To successfully defend this miracle of biodiversity from our own limitless predation, we have to recover personal awareness of the full nature of mind. To fail to make this effort of knowing our own mind is to agree to fail as a species, and to fail the particular call of the earth upon us as individuals and as a species. We alone among the species can catastrophically rip down the weave. And we alone can literally mind—hold in mind and consciously care for—this delicate, animated web of numberless relationships, and discover in its mysterious nature the self-same essential nature of ourselves.
Such a conscious, disciplined, inquiring use of the mind is called a practice.
The practice Murphy offers is “a medicine bundle” of fourteen koans—most traditional, a few not—that directly address our relationship with the earth, each accompanied by her own commentary followed by a Basho haiku. Such koans can liberate us from “the thinking that learns to divide reality in order to handle and manipulate it cleverly, but leaves us painfully locked outside the whole.” This is because “the experience of Zen is that we are literally not what we think. Its path leads insistently away from the abstracting attitude and habit of mind, back to the wholeness of reality and the particularity of each thing.”

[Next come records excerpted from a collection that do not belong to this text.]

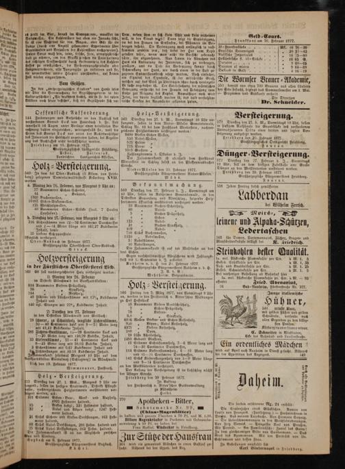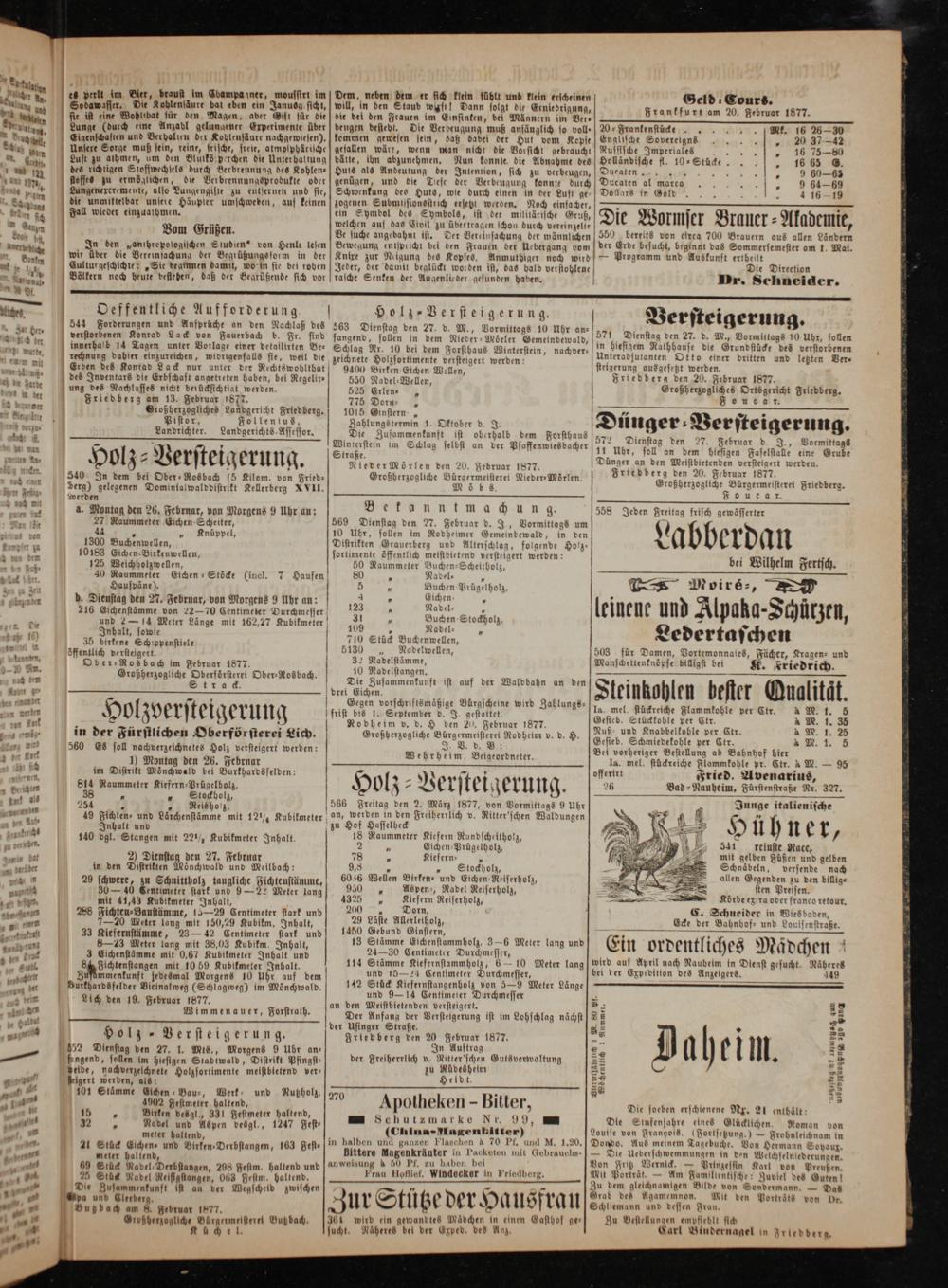 a 1. 50 114 Stämme Kiefernstammholz, 6— 10 Meter lang] wird auf April nach Nauheim in Dlenst gesucht. Näheres —— 3 e e 3 und 1024 Centimeter Burchmesser, bei der Expeditton des Anzeigers. 149 — Durkhardsfelder Vieinalweg(Schlagweg) im Mönchwald. 142 b e e cee Meter Länge 1 Lich den 19. Februar 1877. an den Meistbietenden versteigert. 5 28 12 2 Wimmenauer, Forstrath. Der Anfang der Versteigerung ist im Lohschlag nächst 8 8— 1. Halbe 0 der Usinger Straße. 8 5* S2 „e ö Holz- Versteigerung. Friedberg den 20 Februar 1877.* 70 352 Dienstag den 27. I. Mts., Morgens 9 Uhr an⸗ a In Auftrag 22 U E 8 8 — sengend, sollen im hlesigen Stabiwald, Distritt Pfingsi⸗ der Freiherrlich v. Ritter schin Gutsverwaltung 35 1* 82 4 beide, nachverzeschnete Holzsortimente meistbletend ver— zu Rüdesheim 5 82 4 11 seigert werden, als: f Heldt. 88 72 1 101 Stämme(ichen Bau-, Werk: und Nuß holz, 270 5 8 8 852 r 200 Feümeter haltend, Apotheken- Bitter, ene 1 g 85 1 38 5 N 11 W W 81 Schutzmarke Nr. 9 95 Die Stufenfahre elnes Glücklichen. Roman von 711— 1 5 zaltead pe g.,(Chuina-Magenbitter) Louise von Francois. Woensehung)— Frobnleichnam in 1 ö 3 in halben und ganzen Flaschen à 70 Pf. und M. 1.20.] Dondo. Aus meinem Tagebuche. Von Hermann Sovaurx— g g— ö 2¹ 9 8 und Birken ⸗Derbstangen, 163 Sesi⸗ Bittere Magenkräuter in Packeten mit Gebrauchs-]— Die Ueberschwemmungen in den Selgfelntzberadgds. eee 1 4 4 anweisung à 50 Pf. zu haben bei Von Fritz Wernick.— Prinzessin Karl von Preußen. ö 2 1 2 58 Bad e Fase N Frau MHoflief. Windecker in Friedberg. Mit Porträt.— Am Familientische: Zuviel des. 100 4 4 ö 8 a 4. 50 3— Zu dem gleichnamigen Bilde von Sondermann.— Das 1 Ae ist an der Wegscheld zwischen f ur Stu e der Hausfrau Grab des Agamemnon. Mit den Porträts von Pe 1. Purbach an G Feber 177. a Sanna dad besten Neun. 1 2 11 Großherzogliche Bürgermeisterel Buß bach. 364 wird ein gewandte Madchen in einen Gasthof ge— Zu Bestellungen empfiehlt sich 4 Ku ch e l. sucht. Näheres bei der Exped. des Anz. Carl Bindernagel in Irtedderg.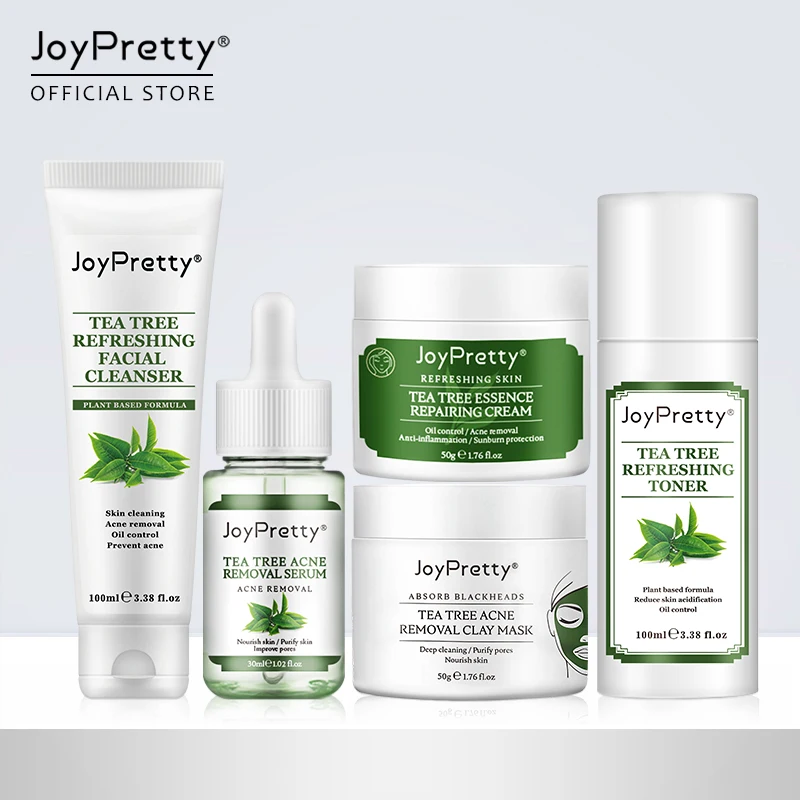 Набор из 5 предметов JoyPretty, экстракт чайного дерева, набор для ухода за кожей лица, удаление акне, улучшение пор, крем для лица, очищающее средство, корейская косметика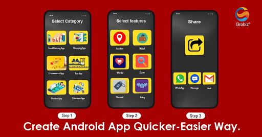 Grobiz App Maker يمكن أن يكون بمثابة أداة رائعة لإنشاء تطبيقك للعمل عن طريق التحديد من مجموعة واسعة من الفئات المتوفرة عن طريق التبديل فقط إلى اليمين أو اليمين إلى اليسار أو يمكنك القيام به التطبيق عن طريق وضع طلب التخصيص في التطبيق الحالي أو يمكنك أن ترسل لنا شرطا جديدا حسب احتياجات عملك من خلال ملء نموذج الاستفسار، من خلال الدردشة، أو الاتصال مباشرة إلى دعم عملائنا مباشرة.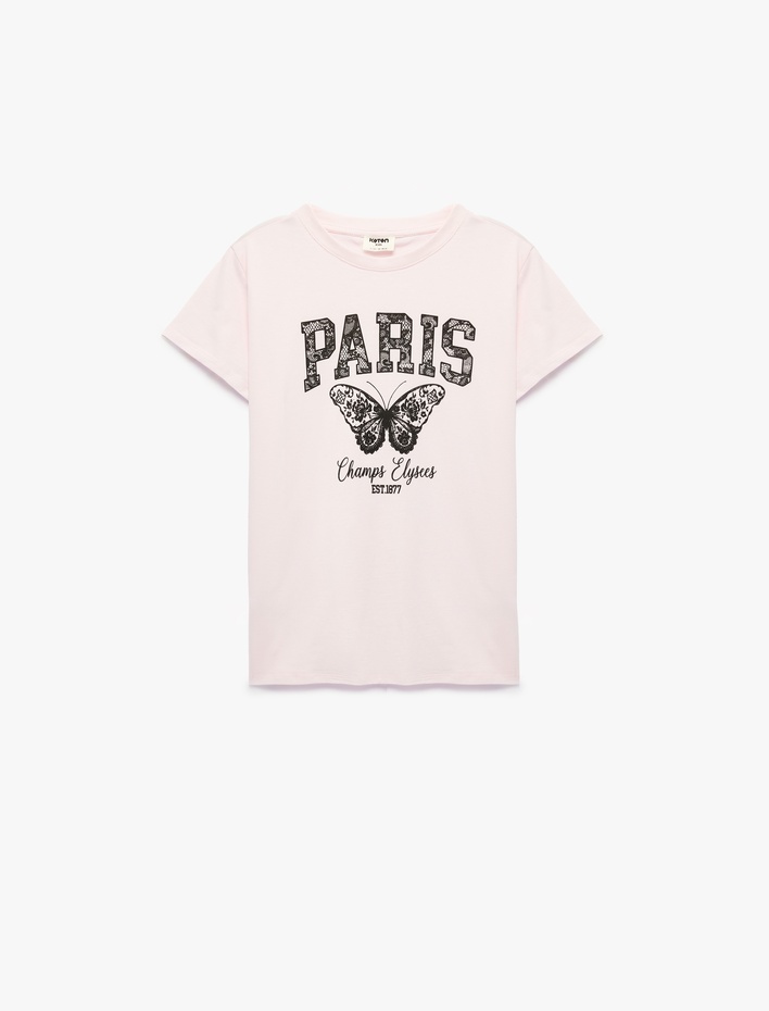 Pamuklu Kısa Kollu Bisiklet Yaka Kelebek Baskılı Tişört Sepete Ekle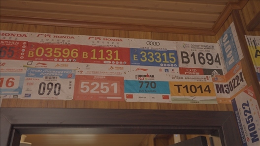 每次跑完馬拉松,羅書堅都會把號碼牌貼在墻上,那是他激勵自己的一種特殊方式。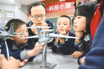 由中国电子科技集团公司参与的扶贫项目——帮助升级的四川省泸州市叙永县鱼凫小学科技小屋启用后很受学生喜爱。图为中国电科集团的志愿者在科技小屋内,和该校学生共同感受预警机、雷达、空间站等产品模型带来的科学魅力和乐趣。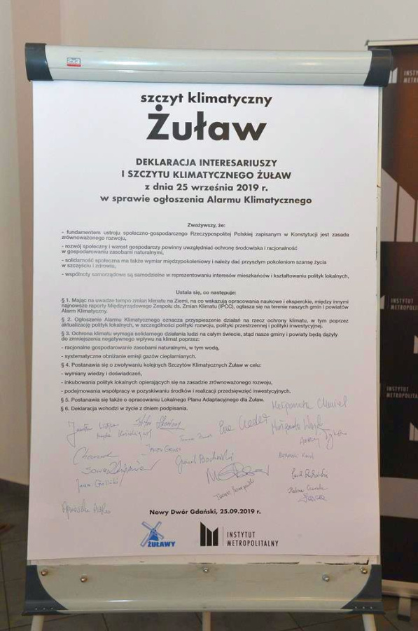 Podczas szczytu podpisano „Deklarację Interesariuszy I Szczytu Klimatycznego Żuław” w sprawie ogłoszenia alarmu klimatycznego na Żuławach. Napisano w nim, że gminy zobowiązują się do zmniejszania negatywnego wpływu na klimat poprzez racjonalne gospodarowanie zasobami naturalnymi – w tym wodą – systematyczne obniżanie emisji gazów cieplarnianych, a także opracowania Lokalnego Planu Adaptacyjnego dla Żuław czy też podejmowania współpracy w zakresie pozyskiwaniu środków i realizacji przedsięwzięć inwestycyjnych.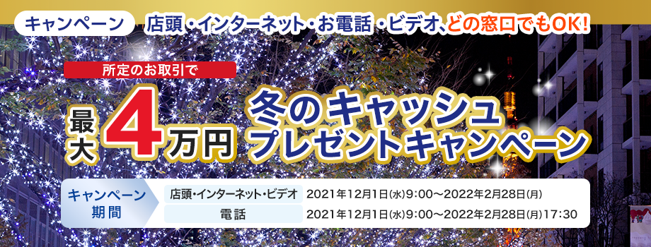 - キャンペーン期間中でも窓口の時間外の場合や、システムメンテナンスなどでお取引ができない日時があります。店舗の営業時間やお電話、ビデオでの注文受付時間などにご注意ください。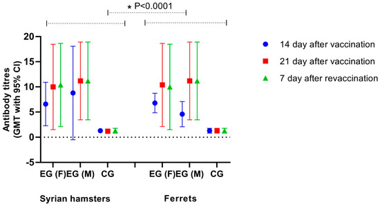 Our assessment of immune responses in animals vaccinated twice showed that the highest GMT of antibodies in their blood sera was equal to 8 log2.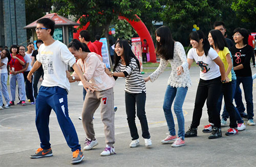 活动分两场进行,共计33个新生班级1000多人参加。活动通过“链接加速”、“团团抱”、“疯狂的设计”、“人椅”、“口口相传”、“捕鱼”、“解手链”等趣味拓展游戏,将心理素质与综合素质的培养融入拓展游戏中,增强了2013级同学的沟通合作意识、组织协调能力与解决问题的能力,增强了班级的凝聚力与向心力,使同学们从活动中体会到沟通、信任、协作的重要性,在素拓过程中实现自我突破、团队共赢。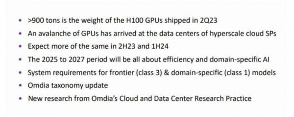 Omdia 估计,Nvidia 第二季度出货量超过 900 吨(180 万磅)用于人工智能 (AI) 和高性能计算 (HPC) 应用的 H100 计算 GPU。Omdia 认为,带有散热器的 Nvidia H100 计算 GPU 的平均重量超过 3 公斤(6.6 磅),因此 Nvidia 在第二季度出货了超过 30 万台 H100。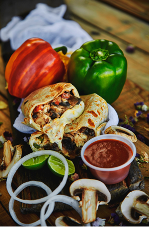 Burrito envuelto en tortilla de harina 28 cm con champiñón, pimiento morrón, cebolla, queso y frijoles.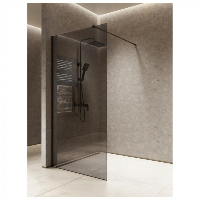 Стильное и функциональное решение для ванной комнаты. Душевое ограждение Walk-In с матовой рамкой черного цвета и тонированным стеклом создаёт атмосферу приватности и уюта. Smart Clean облегчает уход за стеклом. Прочный алюминиевый профиль обеспечивает надежность и долговечность.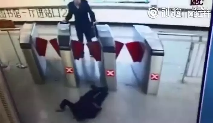 內地地鐵經常有人「逃票」,各部門嚴打亦沒甚麼成效。內地微博瘋傳一段片,終於見到有人「自作孽」,越閘失手趴低,血流一地。有網民謔道:「這傢伙人品不行,身手也不行。」

So there’s no place for thinking in the Zen experience? That doesn’t sound like wholeness to me, but another way to divide up reality. Is the point to get rid of thinking, or to think more deeply, more nondually? Sometimes Zen non-intellectualism drifts into an anti-intellectualism that, if taken literally, would not allow me to appreciate Murphy’s fine book, which is chock full of wonderful insights and, yes, abstractions that not only describe our predicament, but also point to resources within the Zen tradition that can help us respond to it.